Start of Provided data

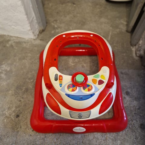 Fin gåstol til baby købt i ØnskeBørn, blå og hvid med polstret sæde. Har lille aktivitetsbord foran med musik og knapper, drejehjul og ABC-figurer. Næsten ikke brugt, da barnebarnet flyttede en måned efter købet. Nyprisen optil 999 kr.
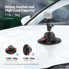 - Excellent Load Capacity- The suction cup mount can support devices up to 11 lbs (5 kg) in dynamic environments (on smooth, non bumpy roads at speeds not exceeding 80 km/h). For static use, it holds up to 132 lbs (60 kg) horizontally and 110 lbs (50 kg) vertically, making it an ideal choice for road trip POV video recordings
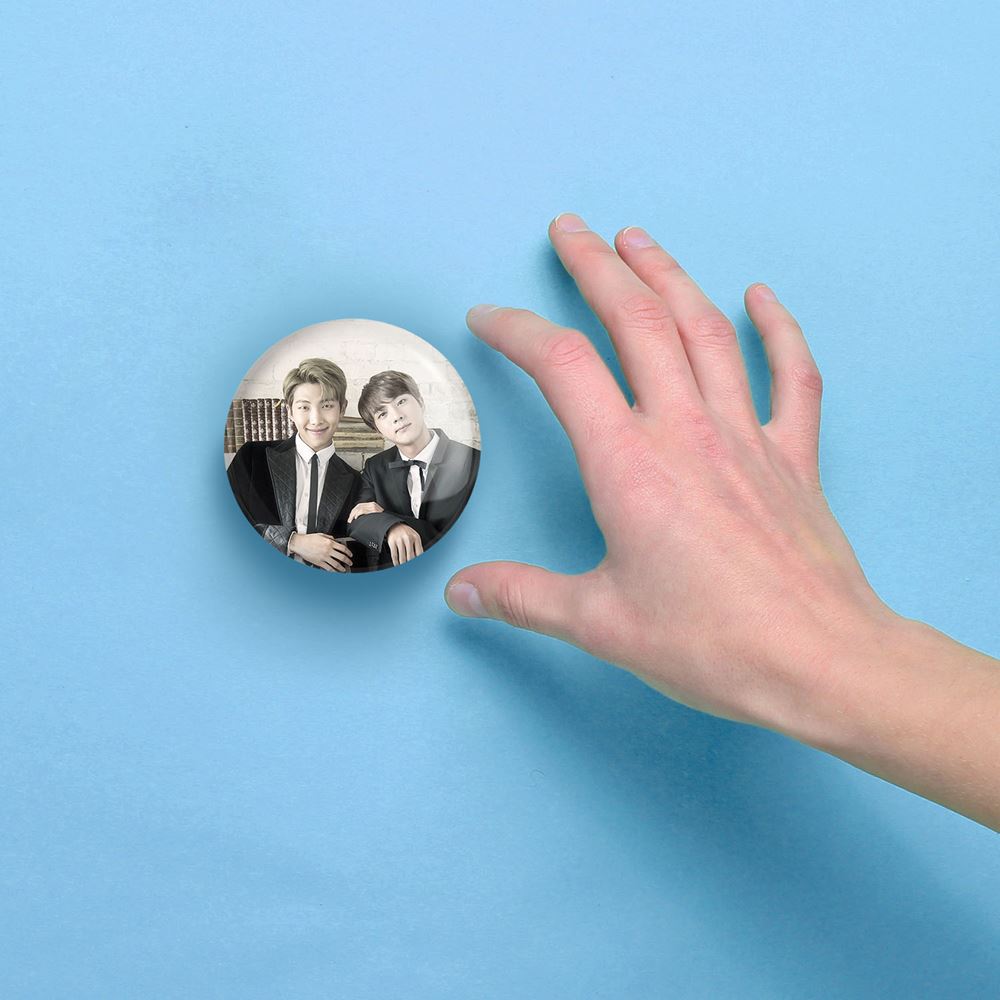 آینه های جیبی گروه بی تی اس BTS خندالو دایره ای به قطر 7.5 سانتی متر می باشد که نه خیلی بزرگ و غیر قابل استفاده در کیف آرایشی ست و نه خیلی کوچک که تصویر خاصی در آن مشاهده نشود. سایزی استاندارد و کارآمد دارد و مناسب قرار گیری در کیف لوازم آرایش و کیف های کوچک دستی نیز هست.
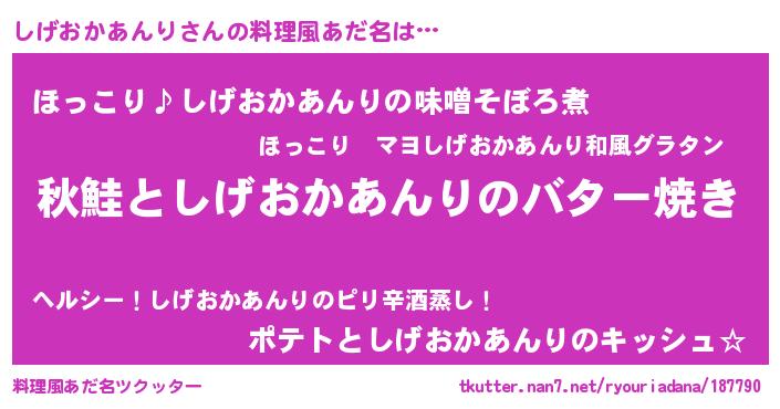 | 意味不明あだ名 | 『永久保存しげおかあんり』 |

End of Provided data

§ **Task description**
Copy out the data verbatim, with no pictures.

§ **Exercise result**
 Fin gåstol til baby købt i ØnskeBørn, blå og hvid med polstret sæde. Har lille aktivitetsbord foran med musik og knapper, drejehjul og ABC-figurer. Næsten ikke brugt, da barnebarnet flyttede en måned efter købet. Nyprisen optil 999 kr.
 - Excellent Load Capacity- The suction cup mount can support devices up to 11 lbs (5 kg) in dynamic environments (on smooth, non bumpy roads at speeds not exceeding 80 km/h). For static use, it holds up to 132 lbs (60 kg) horizontally and 110 lbs (50 kg) vertically, making it an ideal choice for road trip POV video recordings
 آینه های جیبی گروه بی تی اس BTS خندالو دایره ای به قطر 7.5 سانتی متر می باشد که نه خیلی بزرگ و غیر قابل استفاده در کیف آرایشی ست و نه خیلی کوچک که تصویر خاصی در آن مشاهده نشود. سایزی استاندارد و کارآمد دارد و مناسب قرار گیری در کیف لوازم آرایش و کیف های کوچک دستی نیز هست.
 | 意味不明あだ名 | 『永久保存しげおかあんり』 |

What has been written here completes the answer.